Member of the Gujarat Legislative Assembly
- In office 1967–1971
- Preceded by: Maljibhai Sangrambhai Dabhi
- Succeeded by: Maljibhai Sangrambhai Dabhi
- Constituency: Khedbrahma

Personal details
- Born: 1936/1937
- Died: 12 May 2023 (aged 86) Tebda, Sabarkantha district, Gujarat, India
- Party: Swatantra Party
- Spouse: Shardaben
- Children: 5 sons, 4 daughters

= Jethabhai Rathod =

Indian politician (died 2023)

Jethabhai Bhurabhai Rathod (1936/1937 – 12 May 2023) was an Indian politician from Gujarat state who had served as the member of the Gujarat Legislative Assembly representing Khedbrahma from 1967 to 1971.

== Career ==
Rathod contested Taluka Panchayat election in 1967 and lost by only 195 votes.

As a candidate of the Swatantra Party, he defeated the Indian National Congress candidate in the 1967 Gujarat Legislative Assembly election. He had campaigned on a bicycle in the election. He served as the member of the Gujarat Legislative Assembly representing Khedbrahma from 1967 to 1971.

Rathod used to go by the state transport bus to attend the Assembly. He lived in the poverty for rest of his life and held Below Poverty Line card for the government assistance. He did not receive any pension.

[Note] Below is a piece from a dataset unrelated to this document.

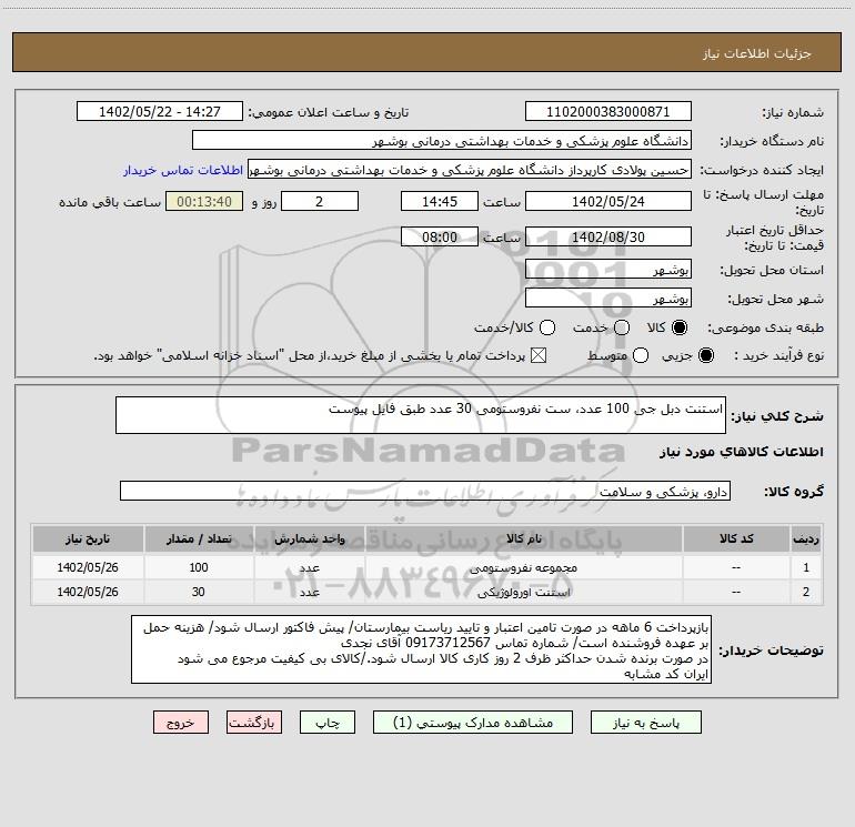 شرح کلی نیاز: استنت دبل جی 100 عدد، ست نفروستومی 30 عدد طبق فایل پیوست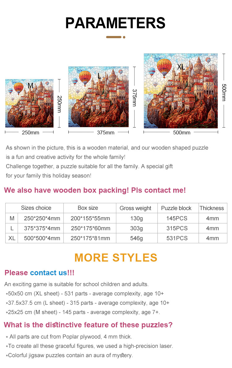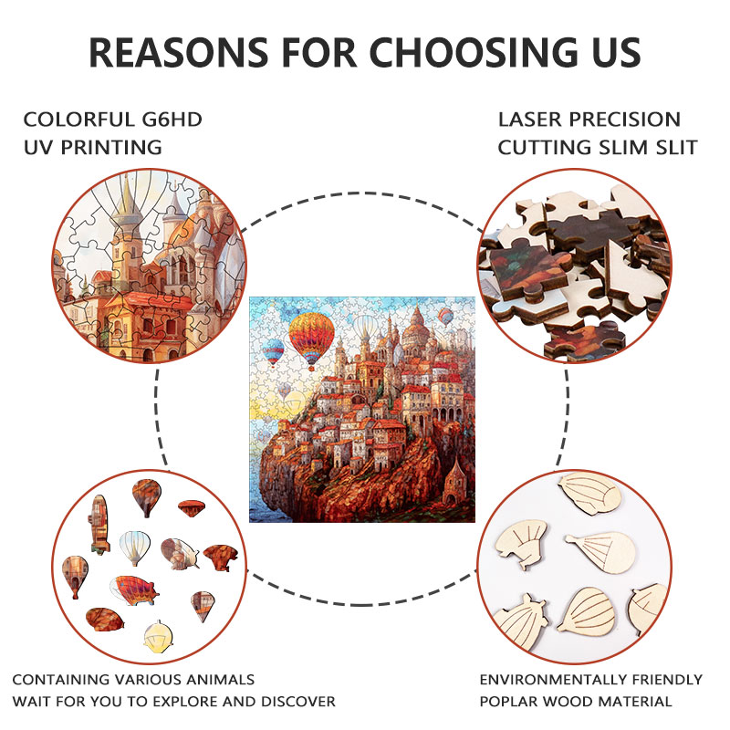 Explore the art of architecture with our Wooden Construction Puzzle, a beautifully crafted architectural puzzle designed for both fun and educational purposes. Each piece of this heteromorphic puzzle is a unique shape, precision-cut from 4mm Poplar basswood using high-precision laser technology. The smooth edges ensure safety for children and adults alike. The figured illustration is carefully cut along the contours and divided into many uniquely shaped pieces, creating a challenging and visually stunning architectural jigsaw puzzle. Perfect for schools, families, or puzzle enthusiasts, it provides hours of engaging play and creativity.

After a month of age related illness, he died on 12 May 2023 in Tebda village at age of 86. His body was cremated next day on the bank of Sabarmati River near his village. His funeral was attended by Tushar Amarsinh Chaudhary, an incumbent legislative assembly member from Khedbrahma, and other local politicians.

== Personal life ==
Rathod lived in Tebda village in Poshina Taluka of Sabarkantha district in Gujarat. He married Shardaben and another lady. He had five sons and four daughters.